Uteroplacental insufficiency resulting in preeclampsia, eclampsia, HELLP syndrome (hemolysis, elevated liver enzymes and low platelets) fetal growth restriction and preterm birth is one of the major problems in perinatal medicine.
The origin is multifactorioal and endothelial cell dysfunction is the final common pathway in the maternal syndrome preeclampsia. A substantial percentage of the women have thrombophilic disorders.
This multicenter open two-armed RCT will elucidate whether treatment with low molecular weight heparine during a following pregnancy is benificial for the maternal, fetal and neonatal morbidity and mortality.

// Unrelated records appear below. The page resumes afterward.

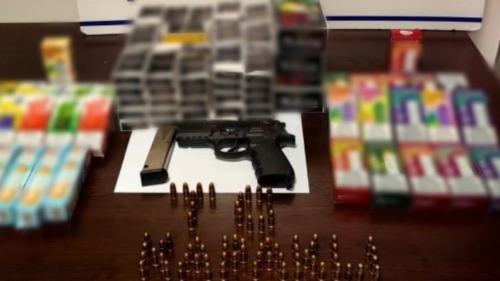 Bahse konu adreslerde arama gerçekleştiren ekipler 1 adet ruhsatsız tabanca, 62 adet fişek, 33 adet kaçak elektronik sigara, 3 kutu 200’li basılmış tütün ve 100 paket basılmış tütün ele geçirildi.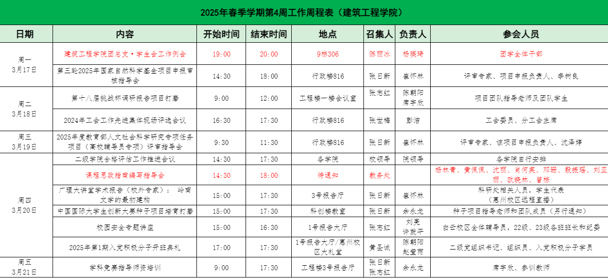 2025年williamhill中国官网第4周工作周程表(williamhill中国官网)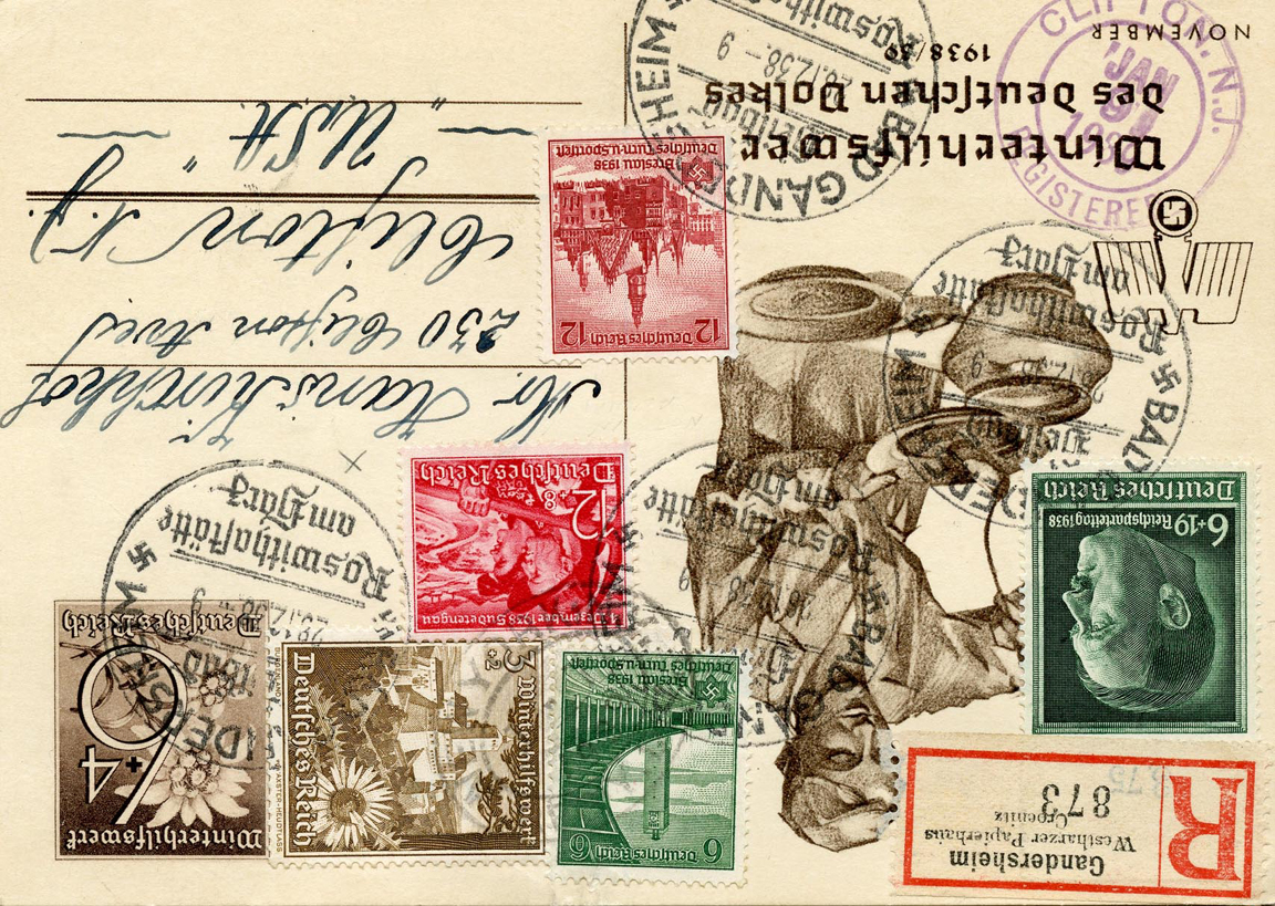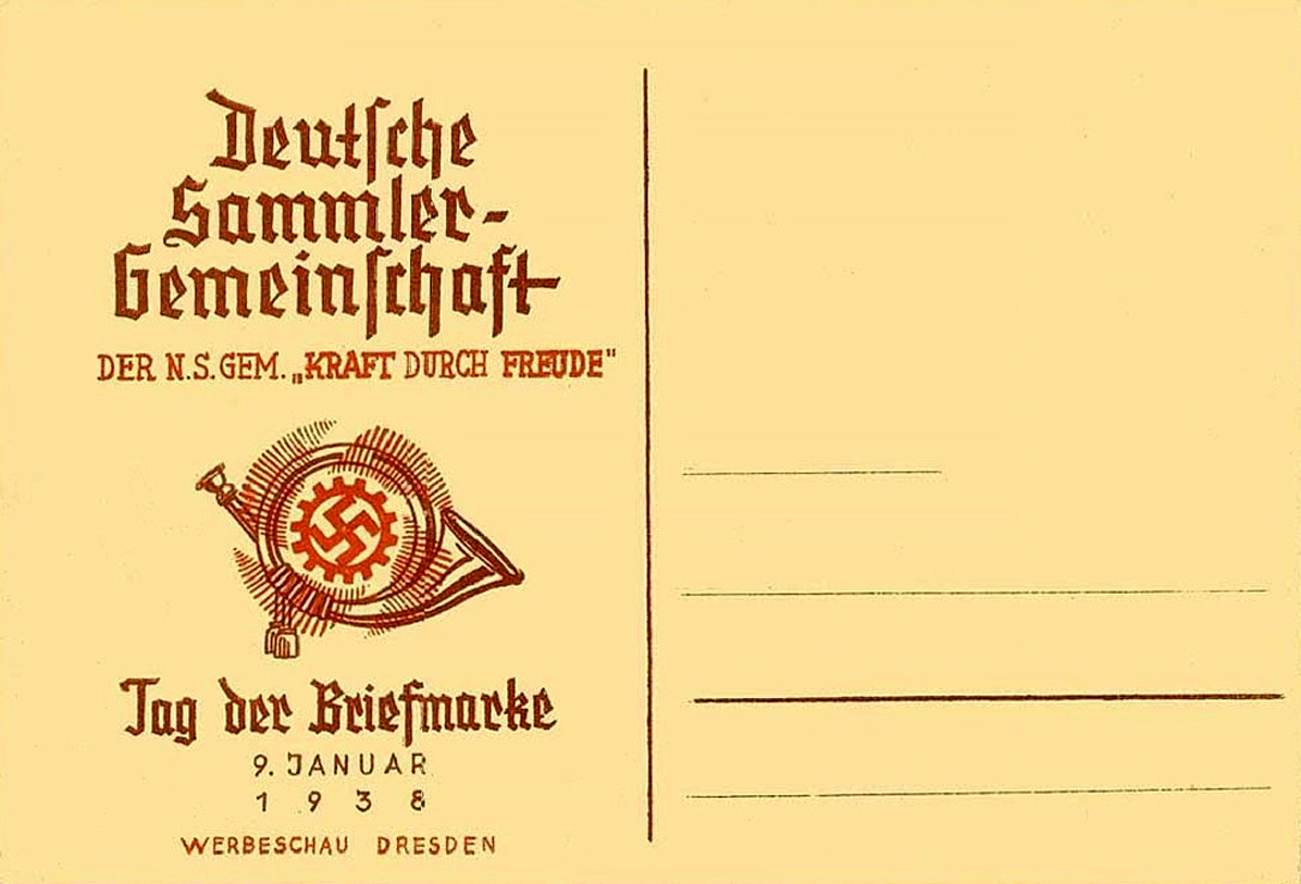 [Below: This postcard, from January 9, 1938, celebrates 'Stamp Day', at the top it says: 'Deutsche Sammler Gemeinschaft' (German Collector Community).]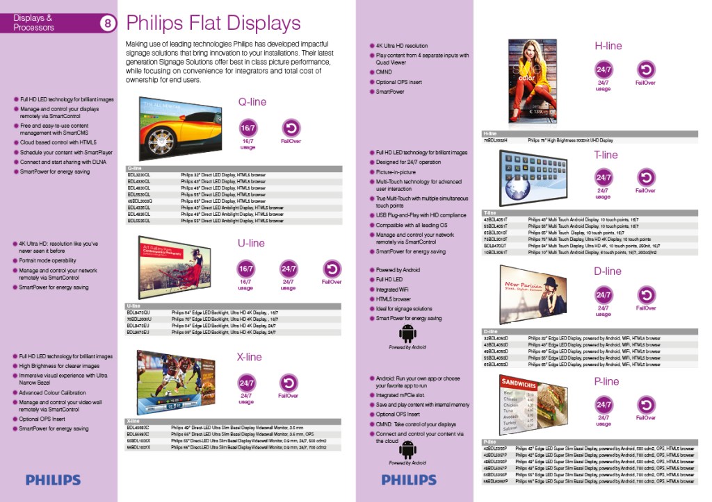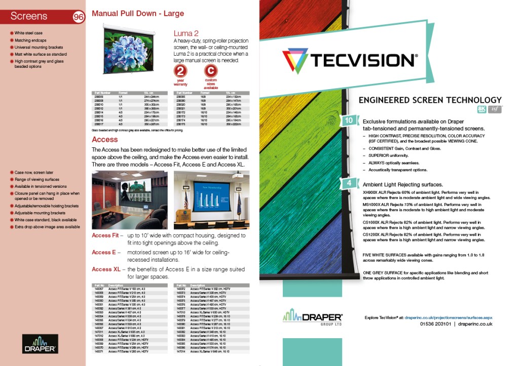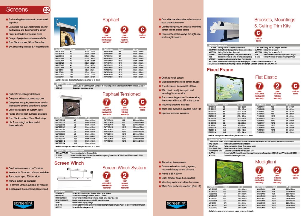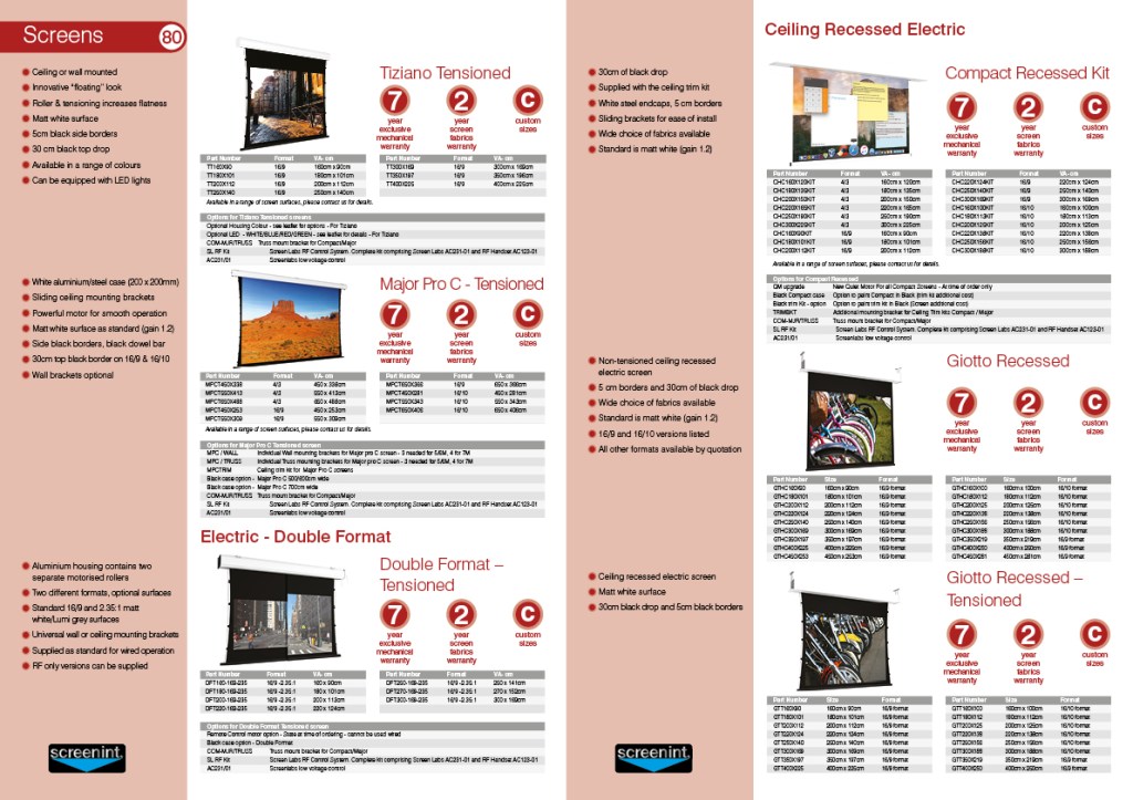 Over the years, the catalogue evolved through various design templates, but for this issue I went for a three column grid with technical spec and logos on the left-hand coloured column. This allowed for colour coding of the sections, and was versatile enough to accommodate the variation in the type and number of items on each page. The images were from a multitude of manufacturers, so there were a lot of variations in style. For consistency, we decided they should be cutouts wherever possible, and that colourful pictures be added to screens to add vibrancy.

Low molecular weight heparin plus aspirin reduces the recurrence of preeclampsia and/or small for gestational age infants before 34 weeks gestational age in women with documented thrombophilia with a history of preeclampsia and/or small for gestational age infants with birth before 34 weeks.

Two armed study:

A: Daily dalteparin (starting between 6-12 weeks pregnancy) throughout gestation plus aspirin (starting before 12 weeks gestation to 36 weeks);

B: Aspirin only ( starting before 12 weeks to 36 weeks).

Both arms receive regular controls for women with a history of preeclampsia. In arm A: examination of Anti FActor Xa activity at 20 and 30 weeks.